Yes, I have finally handed in my dissertation. After months of researching and writing it, it had kind of become a routine. I got up, wrote some (or more accurately, attempted to write while having a mental block), cried, stared at a blank screen thinking I would never get anywhere with it. This went on every day all summer and I must admit it was very strange waking up this morning and not having any more dissertation work to do. It sounds rather silly, but it had become my life pretty much. I just hope that all those tears were worth it and I manage to pass!

In the end I was almost pleased with it. It certainly looked nice when it was all printed out and bound. Miraculously my ink held out enough to print all my illustrations and even the pie charts that ended up representing my research survey (one thing I learned this summer was that Excel and InDesign do not get along). I did nearly have a small heart attach when the secretary couldn't find my signed statement against plagiarism, and then realised she was staring at it. I had visions of having to take it back and do it all over again! The strange thing is, when it came to handing it in, I was almost sad to see it go. It had become my pet and it's kind of scary to think there's nothing I can do to it now. I just have to hope it's good enough. 


It's been tough working, interning and writing dissertation all at once, but I'm surprised at how I've managed. There was a time not that long ago when I was convinced I could never work and study at the same time. This year I have proved that I can. To be honest, as much of a trial as dissertation often was, it was much preferable to waitressing. I don't know what it is about my current work, but we get so many horrible customers. I've had three other waitressing jobs, and never have I experienced so many nasty people coming through the doors! 

So that's it, then. I'm officially done. I just have to wait for results now. If I manage to pass, I'll graduate in October. It seems weird to think that just a little under a year ago this course was just beginning and now it's almost over. I have gone through a lot of character-building experiences in the last 11 months. There have been major highs and major lows, lots of frustrations, questionable organisation, hundreds of hours of overtime trying to meet print deadlines, and, of course, several memorable social events. It's been fun, even through all the stress and the wanting to scream in certain people's faces. And I have learned new skills. I feel I know the publishing industry so much better than I did before. My editorial skills are stronger and I feel qualified to apply for publishing jobs. So, in that sense, it has been a worthwhile investment.

I have no idea if it will actually pay off and secure me a proper publishing role.

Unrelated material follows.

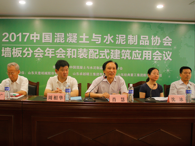 本次會議由中國混凝土與水泥制品協(xié)會墻板分會秘書長周炫主持、會議開始首先由兗州區(qū)副區(qū)長周相華發(fā)表講話,表示對眾多行業(yè)專家、學者來到兗州表示歡迎,肯定了此次會議的盛大召開將對兗州有力推進建筑和新材料的大跨越大發(fā)展。由中國混凝土與水泥制品協(xié)會秘書長沈冰發(fā)表講話,表示對到場的嘉賓、專家、學者以及支持本次會議召開的天意機械表示感謝,系統(tǒng)介紹了大力發(fā)展裝配式建筑中建筑墻板的機遇與挑戰(zhàn)。西安墻體材料研究設(shè)計院黨委書記肖慧對內(nèi)隔墻板在裝配式建筑應(yīng)用要求及內(nèi)隔墻板推動行業(yè)發(fā)展做了系統(tǒng)介紹,希望隔墻板行業(yè)能夠借助裝配式建筑的東風,更高更大發(fā)展。住房和城鄉(xiāng)建設(shè)部科技與產(chǎn)業(yè)化發(fā)展中心副總工屈宏樂發(fā)表講話,表明建筑和建材業(yè)要加強交流,重點分析了建材產(chǎn)品和建筑節(jié)能應(yīng)用的短板做的詳細分析,原國家建材局政策法規(guī)司司長陳福廣,對墻板發(fā)展存在的問題以及墻板如何適應(yīng)裝配式發(fā)展做的詳細分析。由中國混凝土與水泥制品協(xié)會墻板分會秘書長周炫發(fā)表了 2016年墻板分會工作總結(jié)以及2017年墻板分會工作計劃,天意機械董事長劉洪彬發(fā)表講話表示,此次會議必將推進行業(yè)進步及提高天意機械技術(shù)研發(fā)水平、產(chǎn)品科技含量與企業(yè)核心競爭力,對促進我公司產(chǎn)業(yè)轉(zhuǎn)型升級和裝配式建筑推進都具有重要的現(xiàn)實意義和深遠影響, 接著由天意機械銷售經(jīng)理秦艷慧對天意的綠色建筑裝備的研發(fā)、以及天意機械新型綠色節(jié)能建材裝備在行業(yè)中的應(yīng)用優(yōu)勢了系統(tǒng)介紹。由裝配式建筑日本留學博士李營博士,對裝配式建筑在住房中的應(yīng)用做了主題報告。

That is something only time will tell. On the one hand it's exciting having the future stretching out ahead of you. On the other, it's terrifying not knowing if your dreams will be fulfilled. In the meantime, I'll just have to endure those horrendous customers. If I can survive getting Buzz to the printers, I can survive anything!

In other news, Publishers Inc. finally came back from the printers! This was the publishing magazine we produced, focusing on the industry and alumni. Seeing my spread finally printed was a great feeling, although the final version is a little different to the one I actually designed. It's unfortunately not available to pick up, but all alumni from the course should receive a copy. We're still waiting on The Camomile, but I am happy to report that it too has gone to print. I must admit I am curious to see how it will look when it's finished. I'll keep you updated. Until then I'm off to try to figure out what to do with my time now there's no dissertation to write. This might be a good chance to catch up on all those books I still have to read!